EXERCISE OBJECTIVE: First find the line with "本站讯(通讯员 孙智慧)为加" in the entries below, then set down exactly every line through the line with "Gooloo GT1500 1500A", that line included.

THE DATA:
*** Begin section ***
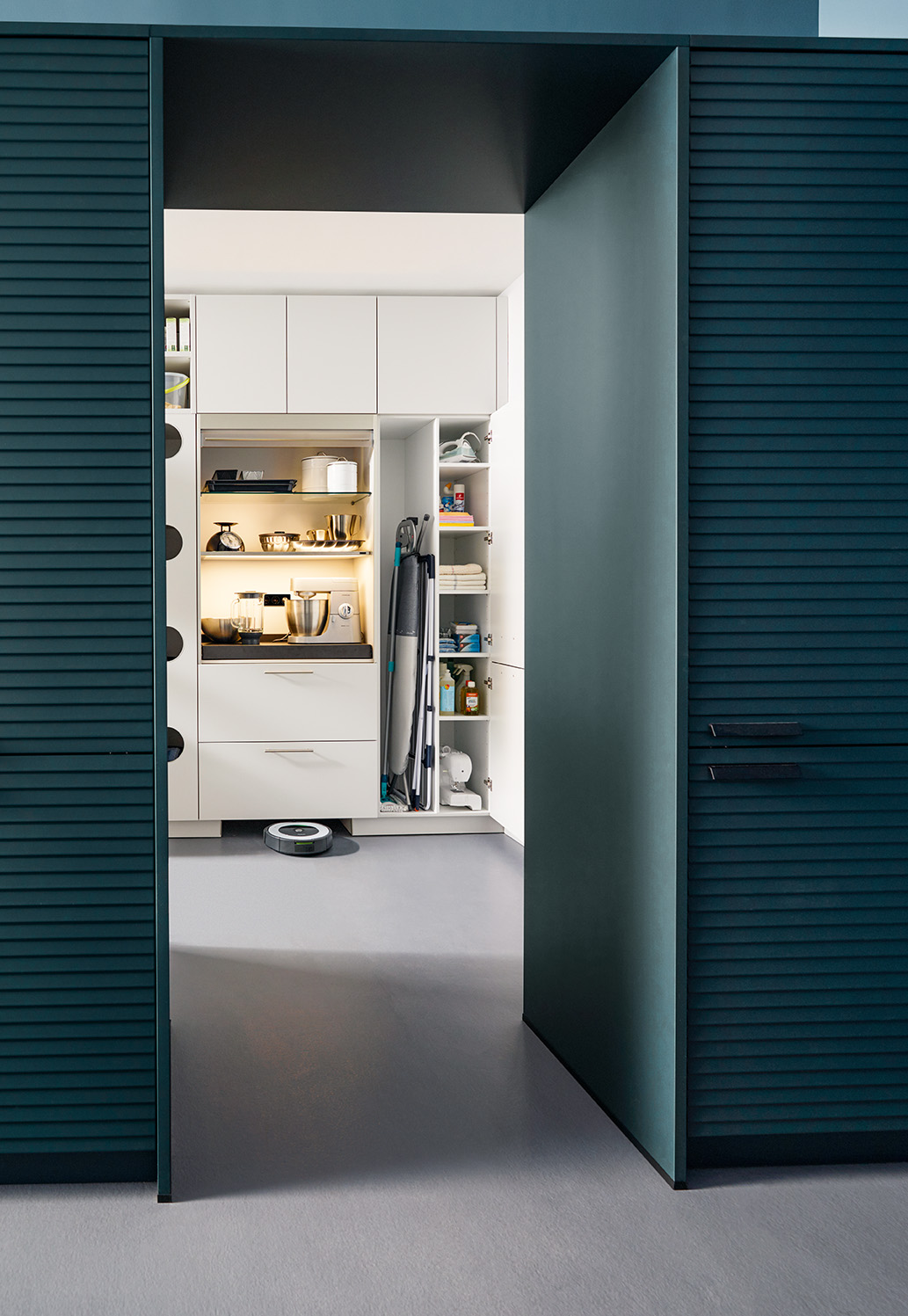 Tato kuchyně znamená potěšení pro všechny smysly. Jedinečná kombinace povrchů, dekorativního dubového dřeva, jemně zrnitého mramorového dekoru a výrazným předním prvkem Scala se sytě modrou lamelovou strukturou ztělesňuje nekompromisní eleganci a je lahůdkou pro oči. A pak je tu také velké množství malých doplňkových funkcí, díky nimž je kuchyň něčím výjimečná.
*** End section ***
*** Begin section ***
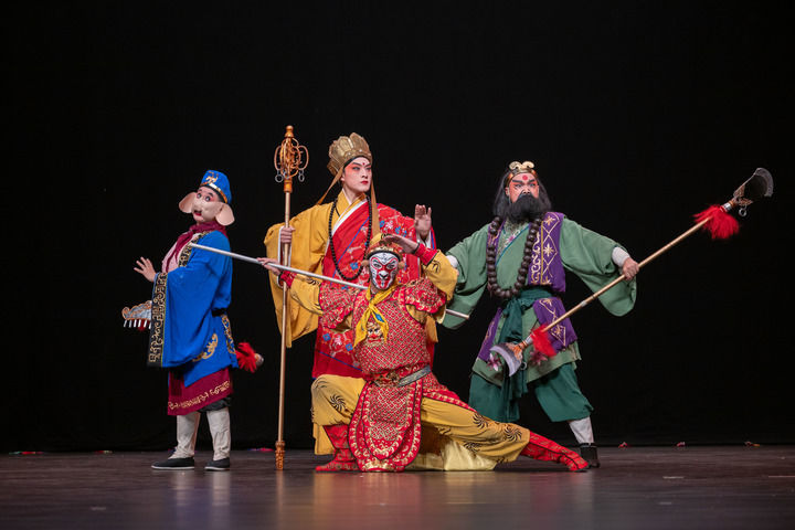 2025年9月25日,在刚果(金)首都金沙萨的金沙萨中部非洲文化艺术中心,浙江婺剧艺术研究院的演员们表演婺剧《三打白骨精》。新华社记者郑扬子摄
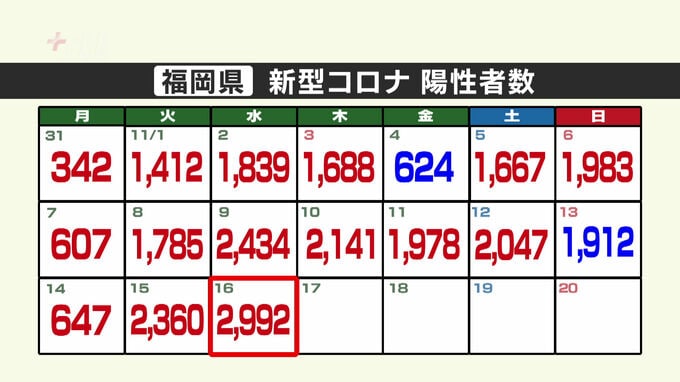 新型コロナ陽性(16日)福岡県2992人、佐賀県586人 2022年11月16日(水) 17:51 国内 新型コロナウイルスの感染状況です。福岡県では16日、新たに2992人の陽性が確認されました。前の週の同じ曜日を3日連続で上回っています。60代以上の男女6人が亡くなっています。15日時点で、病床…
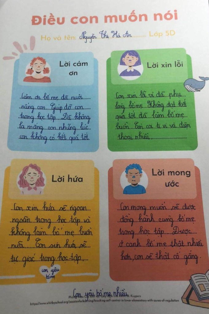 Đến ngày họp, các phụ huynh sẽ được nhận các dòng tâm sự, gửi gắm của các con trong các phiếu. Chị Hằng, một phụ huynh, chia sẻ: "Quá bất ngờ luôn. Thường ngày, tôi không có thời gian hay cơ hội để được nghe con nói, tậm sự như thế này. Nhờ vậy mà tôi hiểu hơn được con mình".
*** End section ***
*** Begin section ***
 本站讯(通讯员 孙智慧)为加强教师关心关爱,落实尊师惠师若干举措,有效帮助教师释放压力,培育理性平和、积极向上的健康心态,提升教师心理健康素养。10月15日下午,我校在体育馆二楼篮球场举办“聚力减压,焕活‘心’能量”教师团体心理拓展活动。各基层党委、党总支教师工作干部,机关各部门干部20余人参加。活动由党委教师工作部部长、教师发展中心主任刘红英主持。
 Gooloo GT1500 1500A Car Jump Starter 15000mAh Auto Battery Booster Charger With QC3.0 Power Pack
*** End section ***
COMPLETED EXERCISE:
 本站讯(通讯员 孙智慧)为加强教师关心关爱,落实尊师惠师若干举措,有效帮助教师释放压力,培育理性平和、积极向上的健康心态,提升教师心理健康素养。10月15日下午,我校在体育馆二楼篮球场举办“聚力减压,焕活‘心’能量”教师团体心理拓展活动。各基层党委、党总支教师工作干部,机关各部门干部20余人参加。活动由党委教师工作部部长、教师发展中心主任刘红英主持。
 Gooloo GT1500 1500A Car Jump Starter 15000mAh Auto Battery Booster Charger With QC3.0 Power Pack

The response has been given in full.